I want to use R
to estimate a regression with a very large number of fixed effects.
I then what to use that regression to predict with a test data set.
However, this needs to be done very quickly because I want to bootstrap my standard errors and do this many times.
I know the lfe
package in R
can do this. For example
reg=felm(Y~1|F1 + F2,data=dat)
Where dat is the data, F1,F2
are columns of categorical variables (the fixed effects to be included).
predict(reg,dat2)
, however, does not work with the lfe package...as has been discussed here.
Unfortunately lm
is too slow as I have a very large numbers of fixed effects.
The way to speed this up is to extract the coefficients and perform the matrix operations manually.

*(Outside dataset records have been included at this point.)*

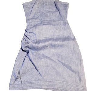 Perfect for layering with white shirting, the label's strapless Tatyana dress comes in a chambray linen blend. Fitted silhouette. Ruching at the hip. Topstitched hem. Concealed back zip closure.
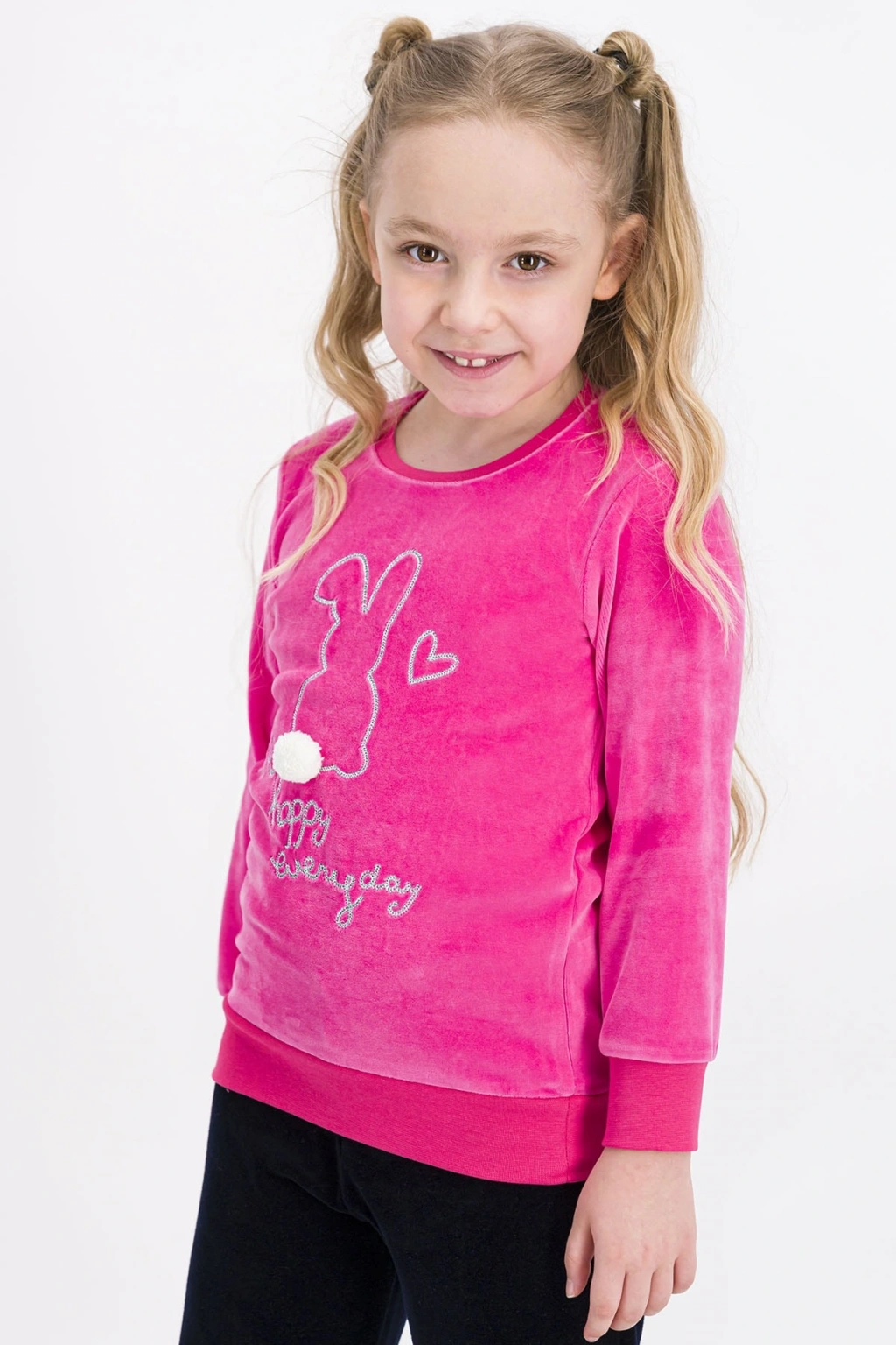 Rolypoly Happy Everyday Şeker Pembe Kız Çocuk Kadife Eşofman Takımı
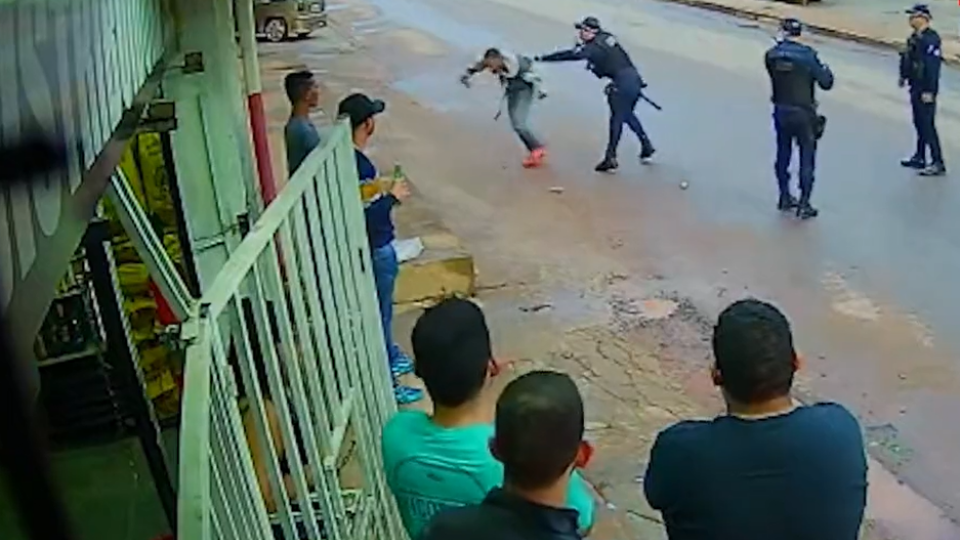 Mesmo rendido, com as mãos na cabeça, ele leva um tapa de um militar, enquanto o outro acompanha com a arma sacada. O responsável pela abordagem leva o homem para trás com um puxão e revista ele, dando mais um golpe, nos órgãos genitais do rapaz.

E.g.:
xtrain <- data.frame(x1=jitter(1:1000), x2=runif(1000), x3=rnorm(1000))
xtest <- data.frame(x1=jitter(1:1000), x2=runif(1000), x3=rnorm(1000))
y <- -(1:1000)
fit <- lm(y ~ x1 + x2 + x3, data=xtrain)
beta <- matrix(coefficients(fit), nrow=1)
xtest_mat <- t(data.matrix(cbind(intercept=1, xtest)))
predictions <- as.vector(beta %*% xtest_mat)
library(microbenchmark)
microbenchmark(as.vector(beta %*% xtest_mat),
predict(fit, newdata = xtest))
Unit: microseconds
expr min lq mean median uq max neval cld
as.vector(beta %*% xtest_mat) 8.140 10.0690 13.12173 12.372 15.852 26.292 100 a
predict(fit, newdata = xtest) 635.413 657.2515 745.94840 673.009 763.166 2363.065 100 b
So you can see that direct matrix multiplication is ~50x faster than the predict function.